(Records contained in a dataset)
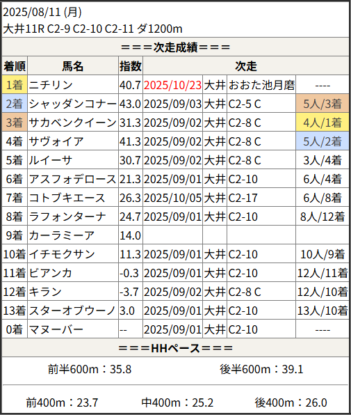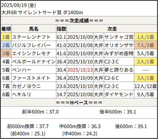 2025/10/23 大井8R ラウンド大井第1戦:結果
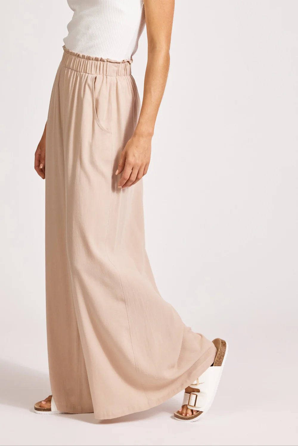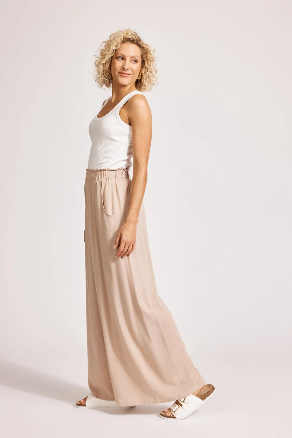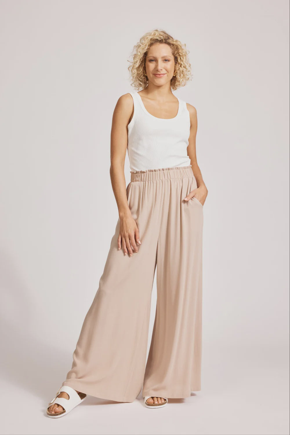 A flowing palazzo pant for elevated ease. Crafted from soft, draped fabric. Features a pull-on elasticated waistband, functional pockets, and wide full-length leg.
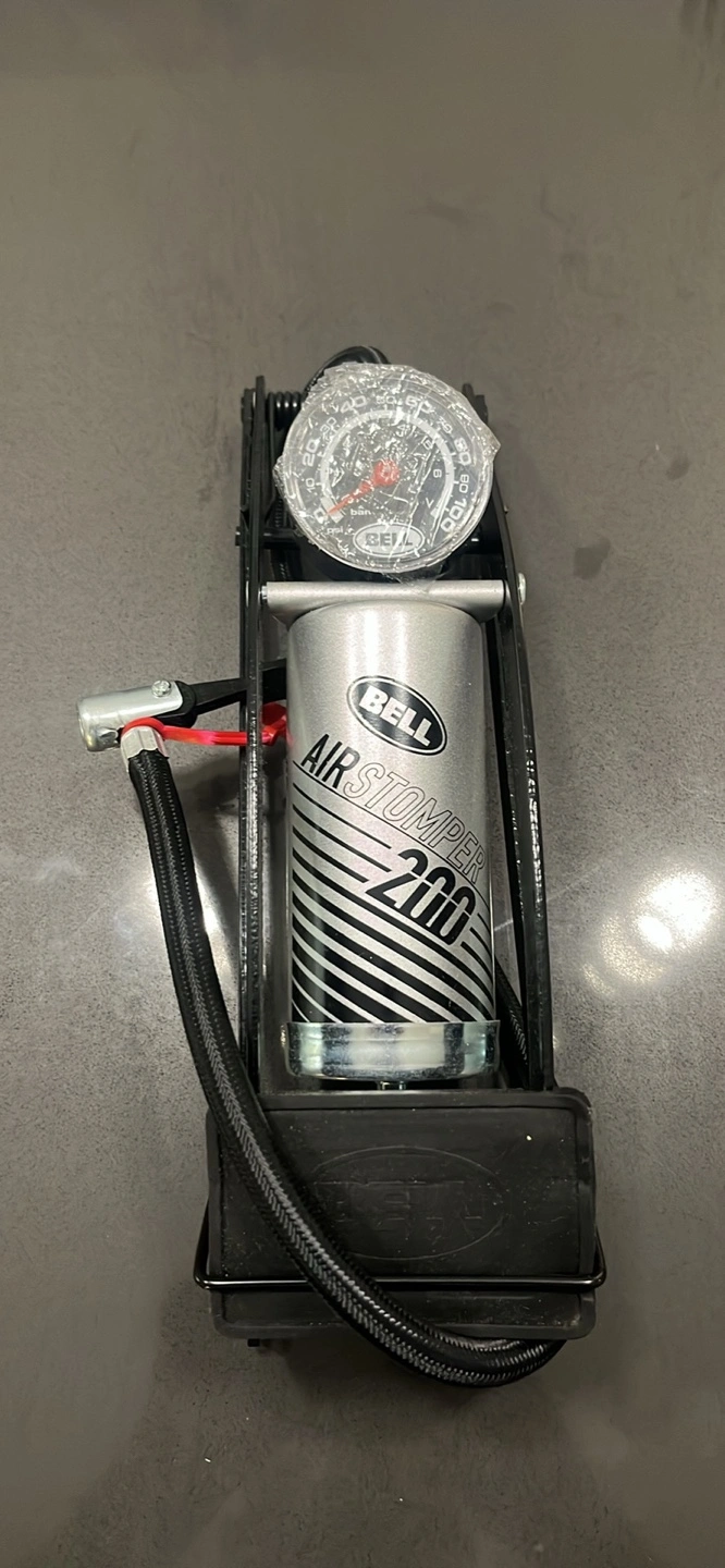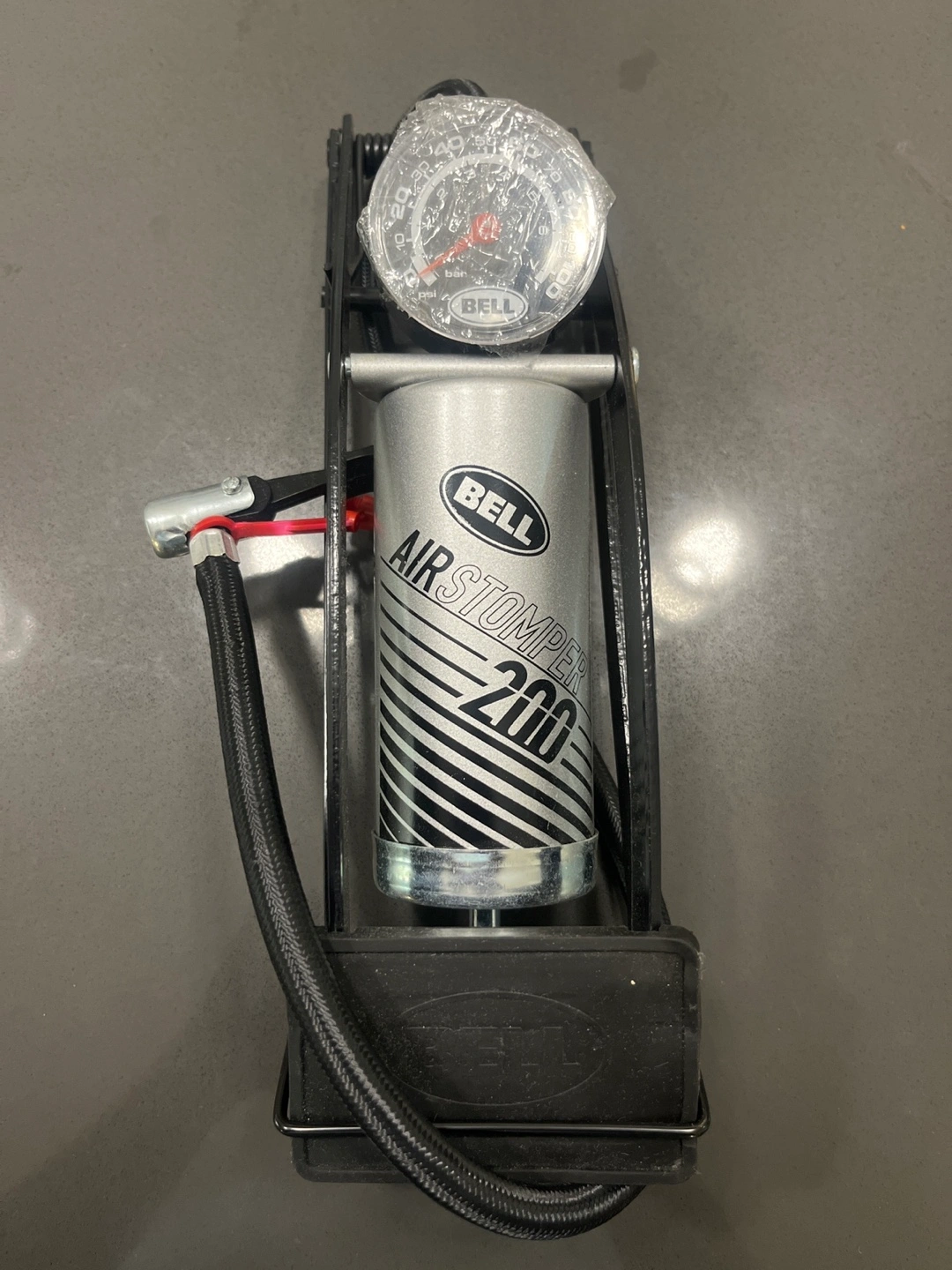 Silver and black foot pump. Features a gauge for easy reading. The hose is flexible. You can use this to inflate tires with minimal effort.
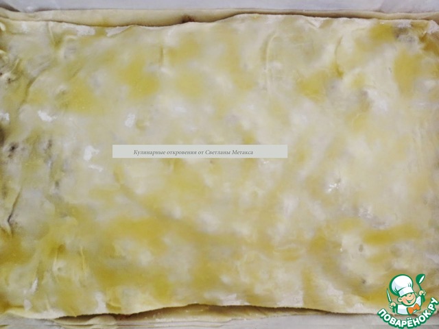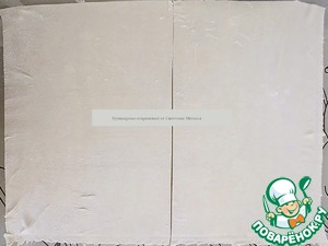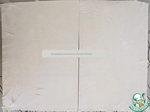 Разрезаем лист на 2 одинаковые, прямоугольные части. Из 3-х частей теста у нас получается 6 листов.
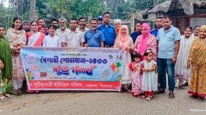সোহেল রায়হান, জেলা প্রতিনিধি (পিরোজপুর)ঃ পহেলা বৈশাখ ১৪৩৩ বঙ্গাব্দ উপলক্ষে পিরোজপুরের নেছারাবাদ উপজেলার সুটিয়াকাঠি ইউনিয়ন পরিষদের উদ্যোগে এক বর্ণাঢ্য বৈশাখী র্যালির আয়োজন করা হয়েছে। বাংলা নববর্ষকে বরণ করে নিতে ইউনিয়ন
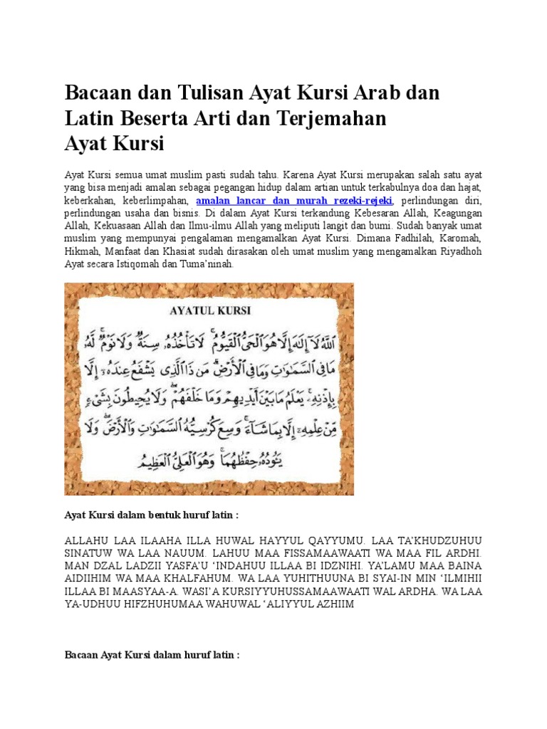 • Bacaan Ayat Kursi Arab Latin Beserta Arti Dan Terjemahan Docx
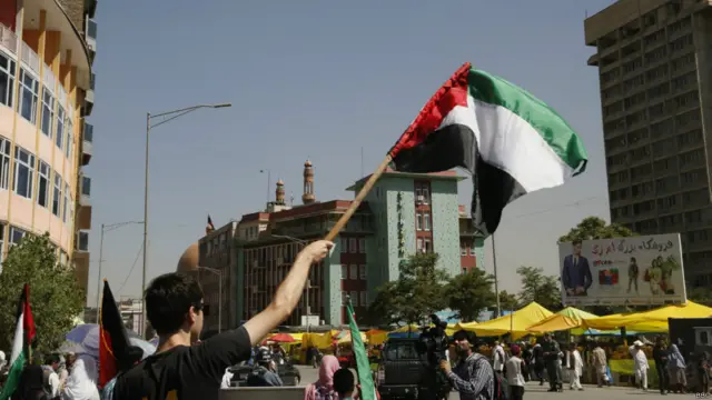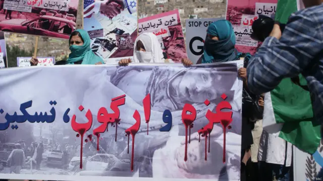 دها شهروند کابل، وابسته به یک حزب سیاسی به منظور ابراز همدردی با مردم عزه در این شهر تجمع اعتراضی بر پا کردند.
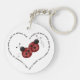 Der Schlüsselanhänger enthält zwei Ladybugs und das uralte Sprichwort: "Ein unsichtbarer roter Faden verbindet diejenigen, die bestimmt sind, sich zu treffen, unabhängig von Zeit, Ort oder Umständen. Der Faden mag sich ausdehnen oder verdrehen, aber nie brechen." - Das alte chinesische Sprichwort. Das Zitat ist in Form eines Herzens um die Ladybugs.
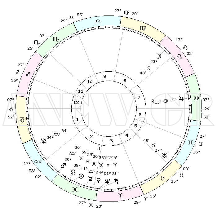 | | ΘΕΣΕΙΣ ΠΛΑΝΗΤΩΝ ΑΣΤΡΟΛΟΓΙΚΟΥ ΧΑΡΤΗ ΤΗΣ ΣΤΙΓΜΗΣ ΑΥΤΗΣ | | | | Πλανήτης | Ζώδιο | Μοίρες | Δεκαήμ. | Σε οίκο | Απόκλιση | | Ακμές των οίκων | | Ηλιος | Ιχθείς | 11°22' | Δεύτερο | 3 | 07 S 18 | | 1ος | 01°49' | Τοξότης | | Σελήνη | Λέων | 22°14' | Τρίτο | 9 | 15 N 32 | | 2ος | 03°13' | Αιγόκερως | | Ερμής | Ιχθείς | 21°30'R | Τρίτο | 4 | 00 S 13 | | 3ος | 09°13' | Υδροχόος | | Αφροδίτη | Ιχθείς | 24°25' | Τρίτο | 4 | 03 S 27 | | 4ος | 15°18' | Ιχθείς | | Αρης | Υδροχόος | 29°30' | Τρίτο | 3 | 12 S 40 | | 5ος | 16°06' | Κριός | | Δίας | Καρκίνος | 15°13'R | Δεύτερο | 8 | 22 N 54 | | 6ος | 10°54' | Ταύρος | | Κρόνος | Κριός | 01°57' | Πρώτο | 4 | 01 S 11 | | 7ος | 01°49' | Δίδυμοι | | Ουρανός | Ταύρος | 27°45' | Τρίτο | 6 | 19 N 29 | | 8ος | 03°13' | Καρκίνος | | Ποσειδώνας | Κριός | 01°05' | Πρώτο | 4 | 00 S 46 | | 9ος | 09°13' | Λέων | | Πλούτωνας | Υδροχόος | 04°34' | Πρώτο | 2 | 22 S 52 | | 10ος | 15°18' | Παρθένος | | Β. Δεσμός | Ιχθείς | 08°60' | Πρώτο | 3 | 08 S 12 | | 11ος | 16°06' | Ζυγός | | Ωροσκόπος | Τοξότης | 01°49' | Πρώτο | | | 12ος | 10°54' | Σκορπιός | | Μεσουράνημα | Παρθένος | 15°18' | Δεύτερο | | | |
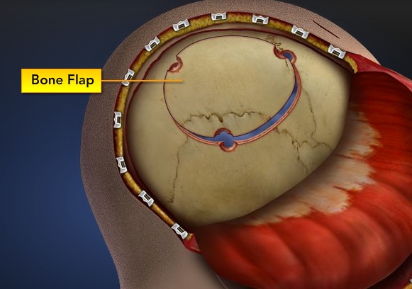 skull bone flap removal dural opening craniotomy part
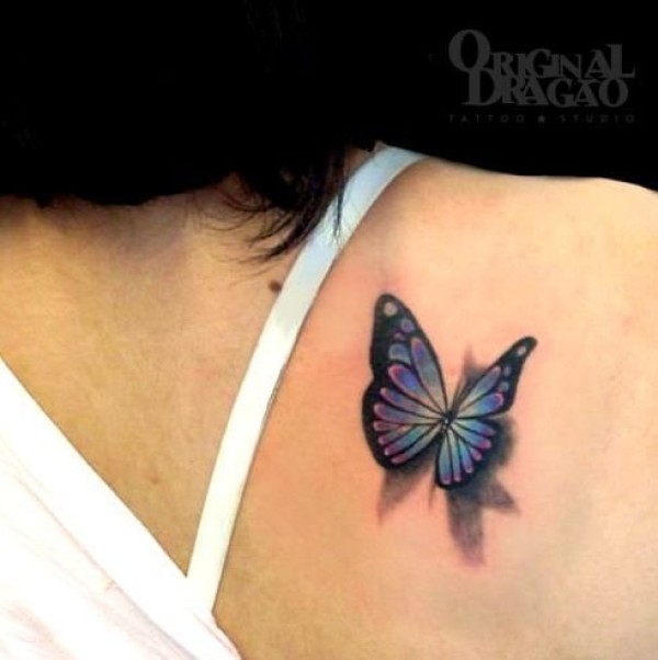 女性肩膀上漂亮的3D蝴蝶纹身图片
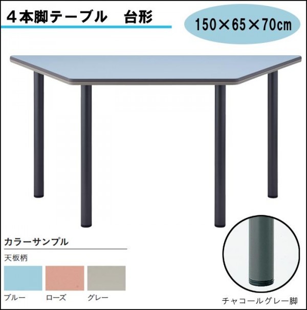 | 素材・材質 | 天板:メラミン化粧板、フラッシュ構造、天厚t30 エッジ:オレフィン系2色、ソフトエッジ巻 脚:塗装脚φ50.8丸パイプ・チャコールグレー塗装 |
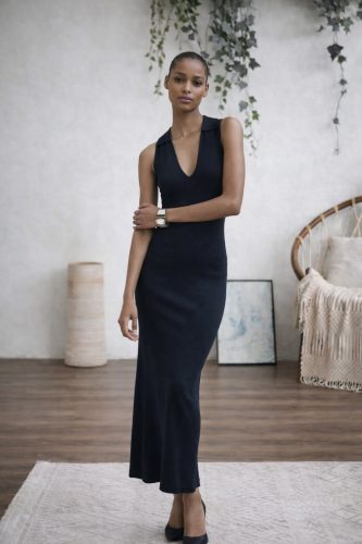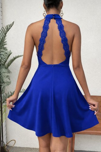 Kadın omuzlardan açık balıkçı yaka arkadan dantel detaylı kısa ithal krep elbise

* [Task statement]: All lines from the one containing "女性肩膀上漂亮的3D蝴蝶纹身图片" to the last line of the data above, both included, should be printed exactly, and the pictures should not appear.

* [Finished exercise]:
 女性肩膀上漂亮的3D蝴蝶纹身图片
 | 素材・材質 | 天板:メラミン化粧板、フラッシュ構造、天厚t30 エッジ:オレフィン系2色、ソフトエッジ巻 脚:塗装脚φ50.8丸パイプ・チャコールグレー塗装 |
 Kadın omuzlardan açık balıkçı yaka arkadan dantel detaylı kısa ithal krep elbise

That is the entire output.